I forged the blueprints that crowned my husband a mafia Capo, saving him when he was nothing.

But after he rose to power, he favored his new female associate, Gia, and handed her my life's work-my coded art book.

When I went to retrieve it, Gia slashed my right hand with a switchblade, severing my tendons. My career as an artist died on that floor.

My husband rushed into the room, looked at my destroyed hand-and stepped past me to shield her.

"Have you lost your mind? She was just following my orders!"

He saw what she had done. He chose to look away.

He protected the woman who mutilated me, blaming me for starting the fight.

I stared at the man I had spent four years building from pieces.

He was protecting another woman, willfully blind to the fact that I was the true architect of his empire.

Why did I sacrifice everything for a man whose memory and conscience were so easily corrupted?

Without a word, I walked past them, letting my blood drip onto his expensive leather shoes.

I calmly called the syndicate Enforcers to report a theft, filed for divorce, and froze all his assets.
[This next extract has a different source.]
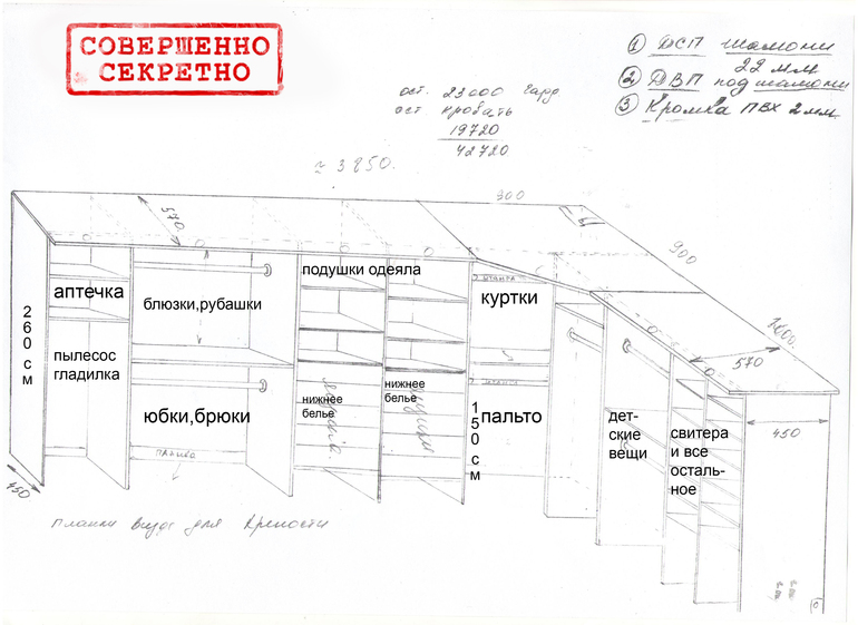 1. Смотря как вы в основном вещи храните. Я вот всю одежду храню на штанге. Меняю развеску по сезонам. Сезонные вещи храню в икеевских коробках на антресольных полках. 2. Разделить гардеробную (шкаф) на зоны. Зона мужа, ваша, детская. Тогда и вам легче будет в дальнейшем отслеживать свой гардероб.3. Обувь. Куда планируете ставить обувь?4. Глубина под плечики (там где штанги) нужна 600. При глубине 450 вешалки будут выпирать. А вот полки лучше 450, 600 глубоковато. Как сделала бы я:Основная стена (левое крыло):1 сек. Как у вас. Вверху аптечка/инструмент.2. Сек. Ваши штанги (верху - кофты, блузки, внизу - юбки, брюки). 3. Сек. Шианги мужа (верх рубашки, низ брюки). 4 сек. Штанги ребенка.При вашей высоте 260, у вас может еще антресольная полка над штангами влезть. Или внизу отделить для коробок с обувью.Все крыло глубиной 60 см (? Возможно ли?)Далее уголовная секция для хранения верхней одежды. Правое крыло:1сек вверху полки под постельное белье внизу выдвижные ящики под ниж. белье (ваше)2. Сек вверху полки под под постельное и домашний текстиль, внизу выдвижные ящики под нижнее белье муж. Обе секции не до пола, внизу 2 полки под обувь.И у вас еще останется 3я секция - под хранение остального, в том числе и обуви.Про кол-во выдвежных ящиков. Я бы сделала так: 6 и 6. Но, в муж секции разбила - 3 мужу 3 ребенку (нижние).Если чо, по таким принципам я планировала 2 гардеробных и 2 шкафа.

He thought my life was over. He forgot that the woman who built his empire with her right hand could tear it down with her left.

Chapter 1

Sienna POV:

The blueprints I forged, the ones that crowned my husband a mafia Capo, are now a ghost at this table. As he slides a plate of shrimp toward me, their pink bodies curled in a lethal glaze, a truth colder than marble settles in my bones: I must dismantle the man I built, before his new favorite finishes the job for him.

Victor places the bone-china plate upon the dining table of our penthouse. The scent of roasted garlic and mango, thick and sweet, saturates the air.

A look of profound satisfaction is etched onto his features.

He wears a suit of custom-tailored silk-a garment paid for by the laundered fortune of an empire I constructed for him, back when he was a man in pieces, hiding from rival syndicates. I still remember the basement where I found him, bleeding and broken, swearing he would rather die than forget the woman who pulled him from the grave.

He had almost died down there. Infection, fever, a collapsed lung. I nursed him through all of it. "I owe you everything," he had whispered against my palm. "I will spend my life proving it."

Those words, it turns out, had a shelf life of less than four years.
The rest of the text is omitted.